This year’s March sales in SoCal were 5% lower than last year?

What about the housing tax credits?  

The mainstream media said that the tax credits were the cause for the rejuvenated market last tear, and just wait until this year when sales fall off a cliff.

The HW reporter only covers housing, and Dataquick…..well, all they cover is housing. 

Yet nobody wants to look a little deeper at the situation, and within five minutes discover the real problem with sales today.

The ONLY reason a SoCal home doesn’t sell today is because its list price is too high – and in most cases, WAY too high.

Detached and attached March sales in San Diego County (from MLS):

Year # of Sales Avg. SP Avg. $-per-sf SP:LP DOM
2010
2,996
$411,249
$241/sf
99%
67
2011
2,815
$420,169
$232/sf
97%
82

Year-over-year sales in March were down 6%, and the average cost-per-sf was down 4%? That’s all? The average sales price went up? Either the tax credits didn’t have much impact, or this year’s market has held up pretty good so far.

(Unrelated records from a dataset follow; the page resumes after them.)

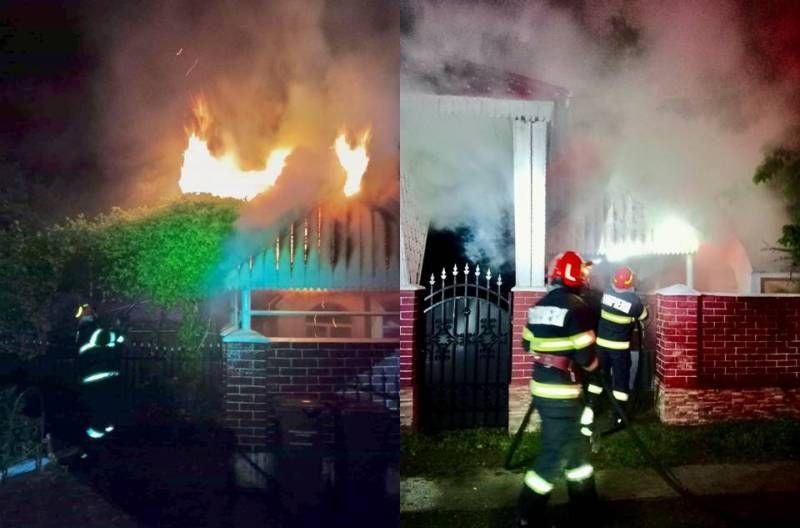 Acoperișul unei fântâni a luat foc din cauza unui cablu electric defect, iar flăcările amenințau să se extindă și la casa de locuit.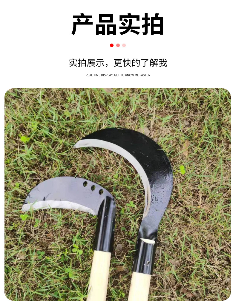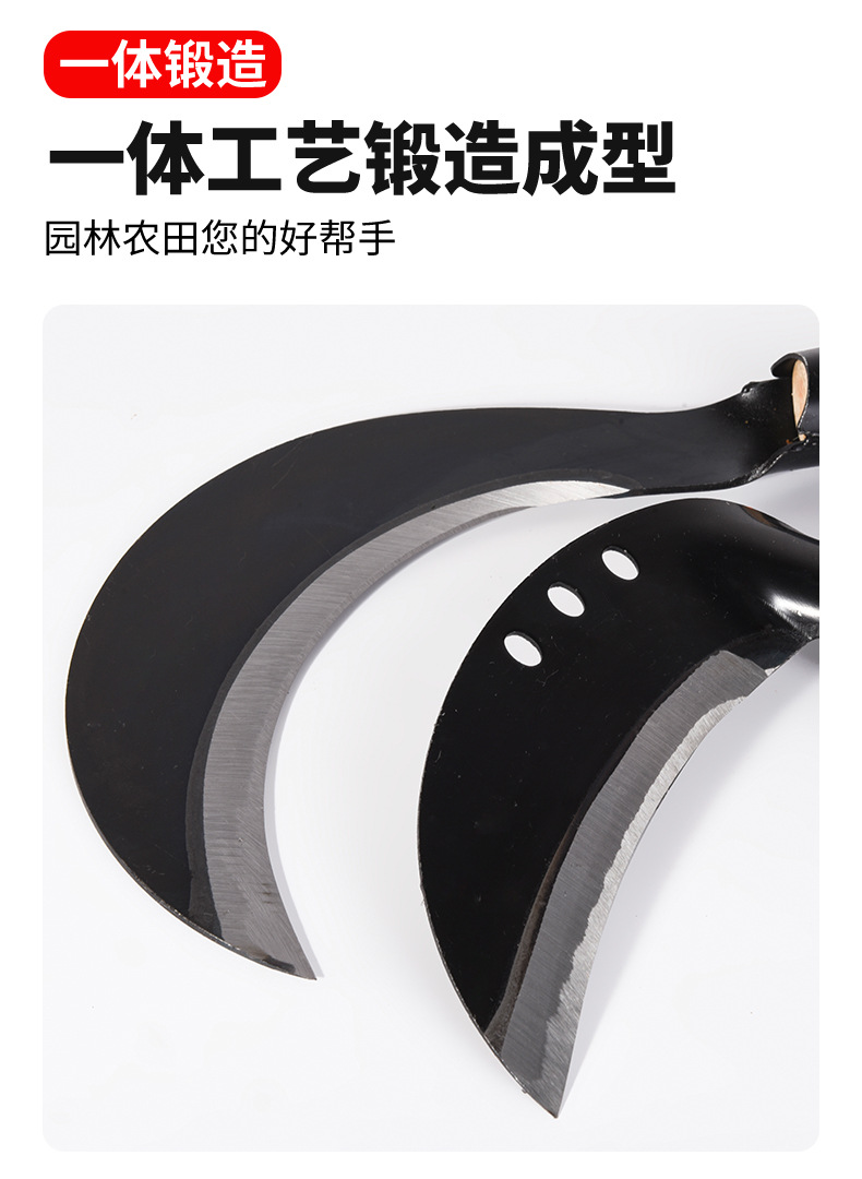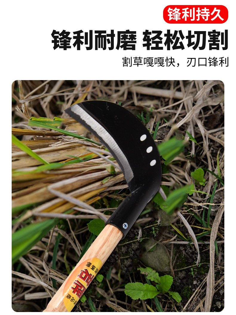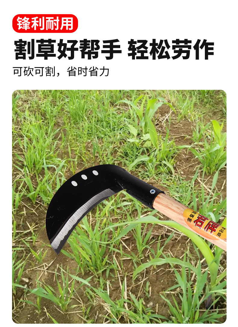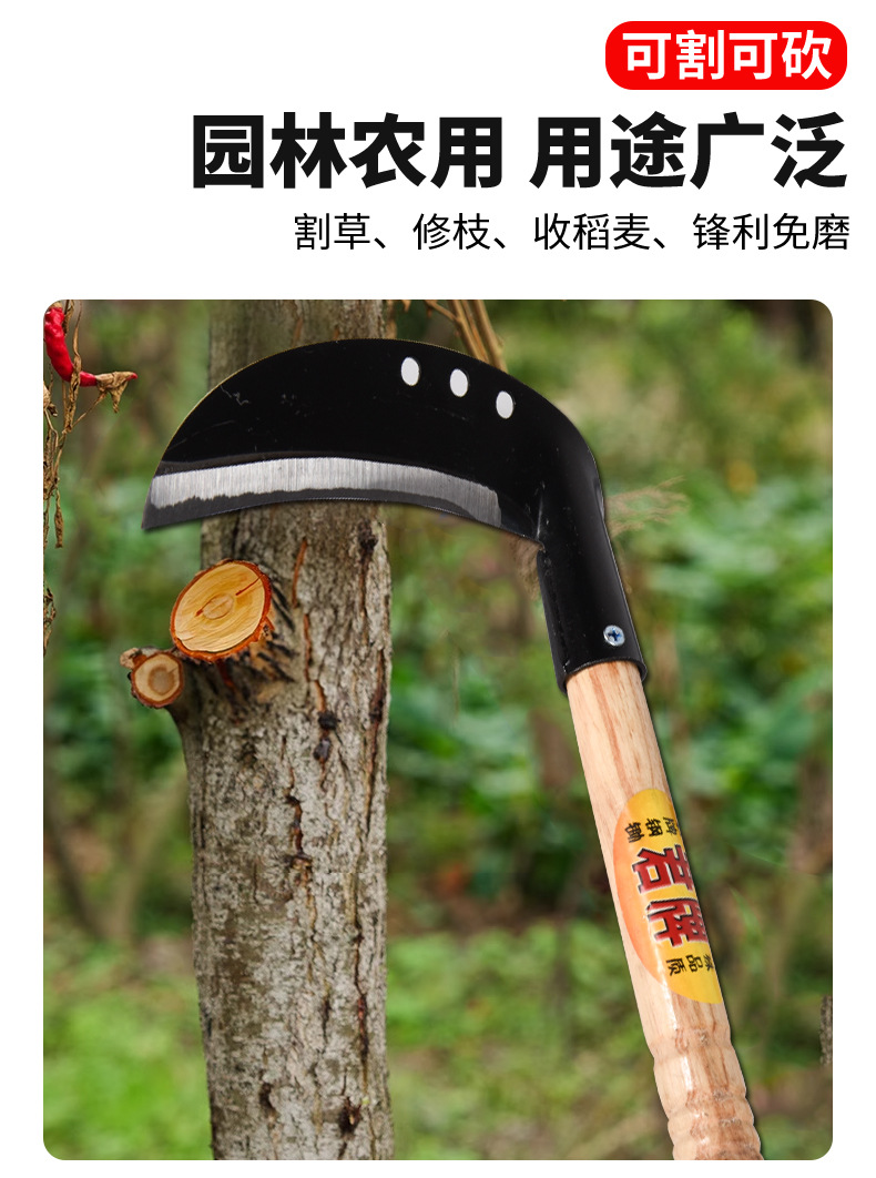 농업 낫 망간 강철 절단 쌀 옥수수 줄기 깎는 칼 야외 낚시를위한 열린 도로 허빙 초승달 냄새 나무 손잡이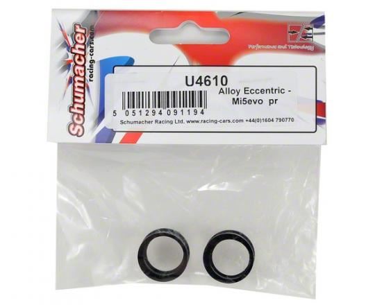 This is a pack of two optional Schumacher Alloy Eccentrics. These CNC precision alloy eccentric's for the Mi5evo replace the standard plastic part for greater precision and accuracy when adjusting the belt tension.

Here are today’s Active Listings in SD County:

SD Co. # of ACT Avg. SP Avg. $-per-sf DOM
ACT
12,132
$705,002
$311/sf
95

Today’s average list price is 83% ABOVE LAST MONTH’S AVERAGE SALES PRICE, and the $$-per-sf is 34% higher. There’s no surprise that recent sales are slightly lower with this much greed in marketplace.

But the over-priced turkeys do help the good buys stand out – thank you OPTs!

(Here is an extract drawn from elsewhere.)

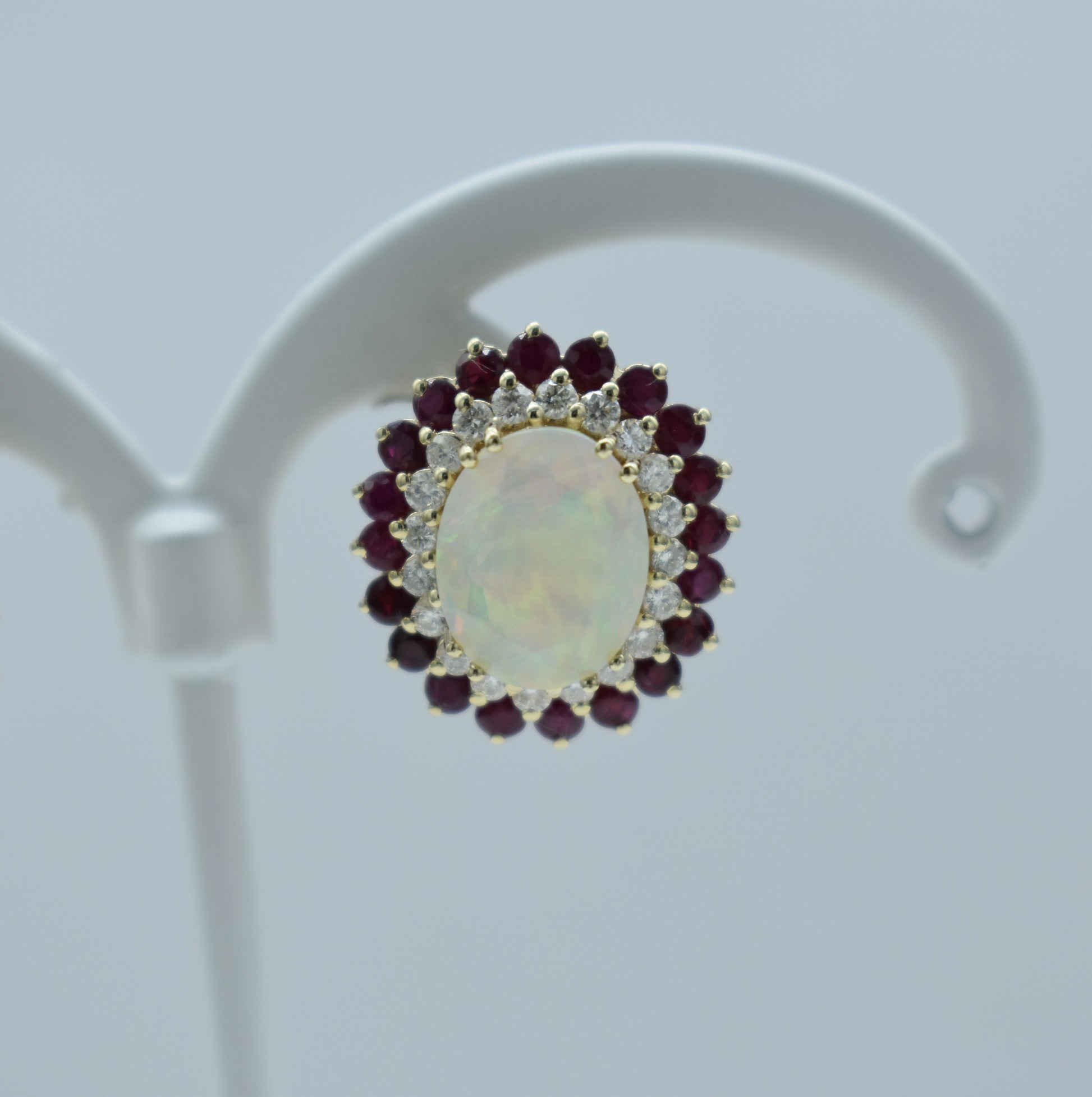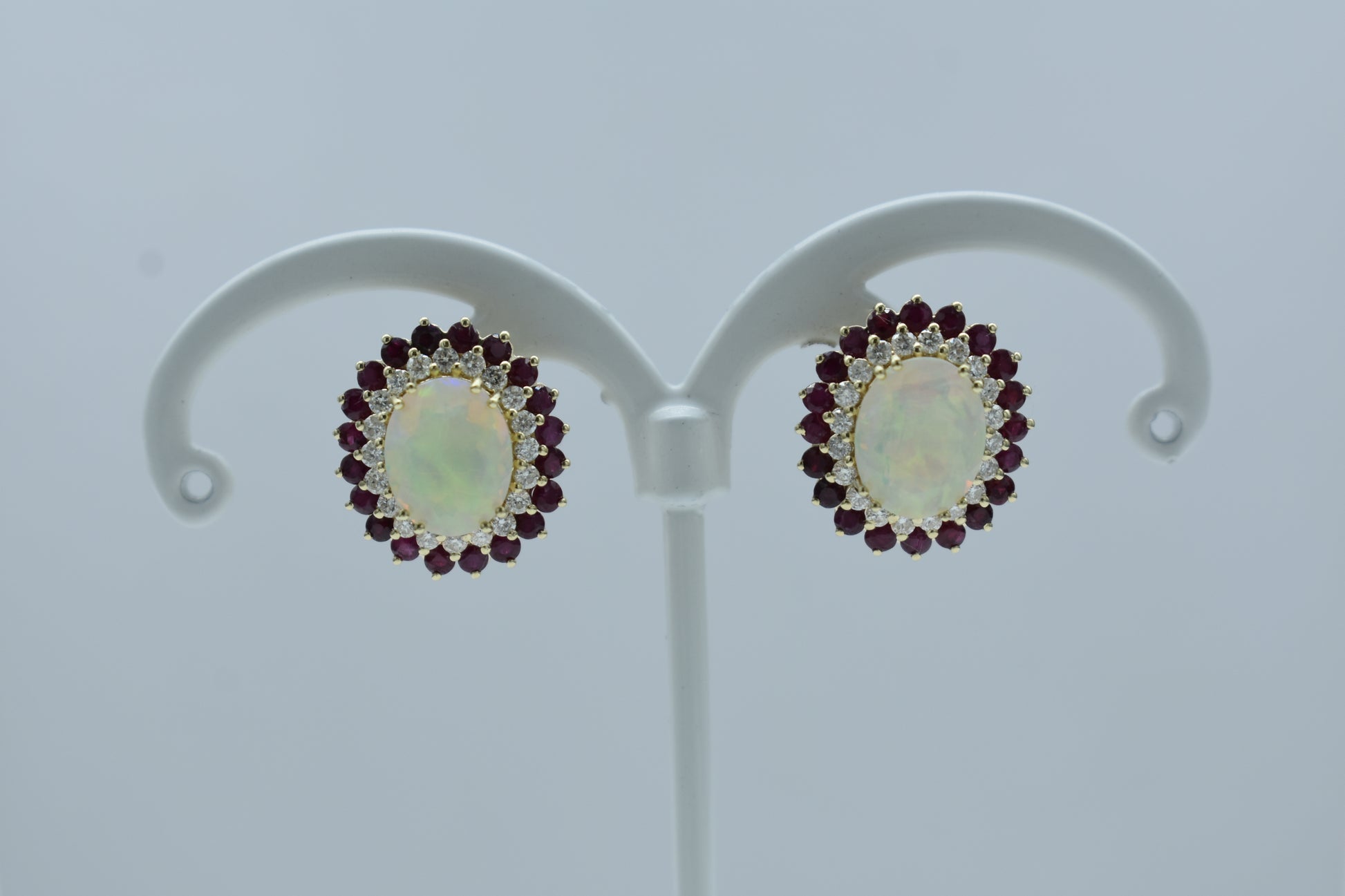 Orecchini di 5,60 grammi di oro giallo 375/1000 con 0,80 carati di diamanti, rubini 1,86 carati e opali centrali di 3,47 carati.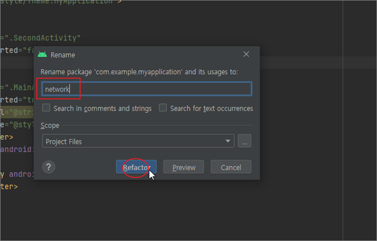 안드로이드 스튜디오에서는 패키지 주소를 변경했을 때 import 문이나 소스에서 참조하고 있는 주소명을 수동으로 일일이 고치지 않아도 됩니다. Refactor 기능을 이용하면 패키지와 관련된 모든 주소는 에러 없이 한 번에 수정할 수 있습니다. 이 기능은 소스 내에서 쓰는 변수명이나 클래스명도 포함됩니다. 이름 변경으로 인한 에러를 조금이라도 빠르게 수정하고 싶다면 Refactor 기능을 이용해 보세요.

If today’s sellers would get off their high horse, sales would easily surpass last year’s healthy pace.

22 Comments

  1. Jiji

    Maybe the OPT’s are just a reflection of what it take to break even for a lot of sellers ?

    I don’t think most understand that this is what will be holding back the economy until nominal prices get to where the current underwaters can break even, Just my opinion , until the majority of underwater homes are no longer underwater, (one way or the other),
    There will be no economic recovery.

    And the majority in this situation are not going to sell at a loss unless they are forced to. And most are not going to be forced to.

    And so we sit,

  2. Daniel(theotherone)

    I am currently trying to buy a house in Palos Verdes and the choices are limited. Many are priced at the loan value on the home, but are 15 to 20% over their real value. And many have delayed maintenance problems. Frustration doesn’t express how I feel.

  3. keepitinflate

    I thought the other interesting comment was they blamed the low sales on mortgage availability. Should that read lack of credit qualified buyers? If what is needed is people with Fico 600 and no money down to kick start this market we are in a lot of trouble.

    Jim I think you would agree with me that those are likely not the people who should be buying the average $705K listed home.

  4. Jim the Realtor

    Yes, I definitely agree.

    Trying to tempt everyone into buying a home doesn’t work, and we have ample evidence to substantiate that by now.

    Whenever you hear somebody blame low sales on tight money, they obviously aren’t in the game (which includes most realtors – the ones hitting the coffee and donuts while complaining about the market all day, instead of working).

  5. Jiji

    I don’t think anyone wants to go back to if you can breath you can qualify , but at the same time we (the economy ) are not going anywhere until we get back close to nominal peak pricing,

    From the look of it, that may be a while yet.

    Also back when the bankers should have been tight, they were obviously too lose,

    Now actually I think they could afford to be a lot loser especially in the area’s that were disseminated like TV.

    No one seems to be thinking it seems, just reacting.

  6. keepitinflated

    Jiji

    I think the economy is in a lot of trouble if we go back to peak nominal pricing in the short run. I feel very bad for families who would have to sacrifice just to make a mortgage payment. That is very bad for America and the American family.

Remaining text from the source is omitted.